Former FDA Commissioners Warn New Vaccine Policies Could Undermine Longstanding Regulatory Framework

A group of 12 former and acting FDA commissioners have published a new commentary in the New England Journal Medicine (NEJM), expressing concern about recent FDA internal memos and policy proposals regarding vaccine safety.¹

The article follows an internal agency communication that was obtained by CNN on November 29, revealing that the FDA plans to alter its vaccine approval process based on allegations that COVID-19 vaccination caused the deaths of 10 children.²

FDA to update vaccine approval process

In the memo, Vinay Prasad, MD, MPH, FDA chief medical and scientific officer, director of the FDA Center for Biologics Evaluation and Research (CBER), stated: “Healthy young children who faced tremendously low risk of death were coerced, at the behest of the Biden administration, via school and work mandates, to receive a vaccine that could result in death.”

While Prasad did not disclose details on the deaths or how the FDA came to this conclusion, he cited an “internal analysis” that reviewed 96 deaths reported to the Vaccine Adverse Event Reporting System (VAERS) and linked 10 to COVID-19 vaccination.

As described by Prasad in the internal FDA memo, the agency’s new approval process for vaccines will include:

• Higher evidence threshold.
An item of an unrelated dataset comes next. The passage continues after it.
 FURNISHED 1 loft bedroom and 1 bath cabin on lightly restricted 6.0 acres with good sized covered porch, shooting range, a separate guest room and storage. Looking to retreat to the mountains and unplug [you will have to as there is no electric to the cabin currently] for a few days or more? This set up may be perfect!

Vaccines will need more robust data demonstrating both safety and clinical value before marketing.
• Pregnancy-specific requirements. Stricter authorization standards for vaccines used in pregnant women.
• Efficacy demonstration shift. Pneumonia vaccines must show actual disease reduction rather than relying on antibody levels as a surrogate.
• Flu vaccine framework update. Annual influenza vaccine approval process will be revised and reappraised for safety.
• Label transparency. Vaccine labels will reflect honest and clear safety information.
• Potential for longer trials. Larger, more comprehensive studies may be required, slowing overall approval timelines.

Former commissioners express concern over new framework

In their NEJM commentary, the former FDA heads stated, “We are deeply concerned by sweeping new FDA assertions about vaccine safety and proposals that would undermine a regulatory model designed to ensure that vaccines are safe, effective, and available when the public needs them most.”
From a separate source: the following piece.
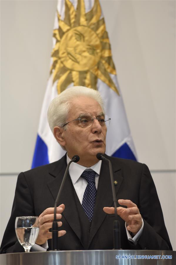 MONTEVIDEO, mayo 11, 2017 (Xinhua) -- El presidente de Italia, Sergio Mattarella, participa durante una conferencia de prensa conjunta con su homólogo uruguayo, Tabaré Vázquez, en la Torre Ejecutiva, en Montevideo, capital de Uruguay, el 11 de mayo de 2017. Los presidentes de Uruguay e Italia, Tabaré Vázquez y Sergio Mattarella, respectivamente, expresaron el jueves su optimismo de que el Mercado Común del Sur (Mercosur) y la Unión Europea (UE) aprobarán este a?o un acuerdo de libre comercio. (Xinhua/Nicolás Celaya)

Overall, the former FDA commissioners stated that the agency’s current actions threaten public trust and undermine a regulatory framework designed to ensure vaccines are safe, effective, and available.

Traditional use of immunobridging vaccine studies abandoned

Specifically, the group reinforced its belief in the FDA’s traditional use of immunobridging studies, which use correlates of protection (antibody responses) as surrogates for efficacy. This approach avoids the need for full-scale efficacy trials for each new strain or formulation.
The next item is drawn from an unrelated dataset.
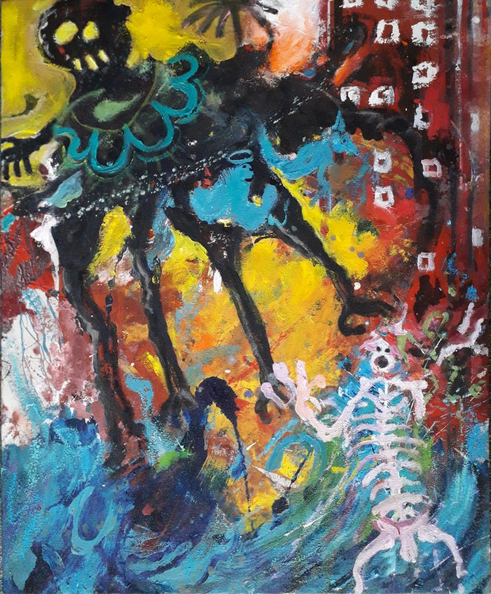 Les films catastrophes, 2018-2024, mixte sur toile, 59x49 cm

“Using this approach, once a reliable correlation with effectiveness has been established, a vaccine’s ability to stimulate the immune system to produce protective antibodies can serve as a surrogate for its efficacy in helping patients avoid infections and complications from rapidly evolving viruses such as SARS-CoV-2 and influenza,” they wrote, “Because these viruses change frequently, repeating large-scale efficacy trials for every new seasonal strain is not feasible within the time needed to update the vaccines.”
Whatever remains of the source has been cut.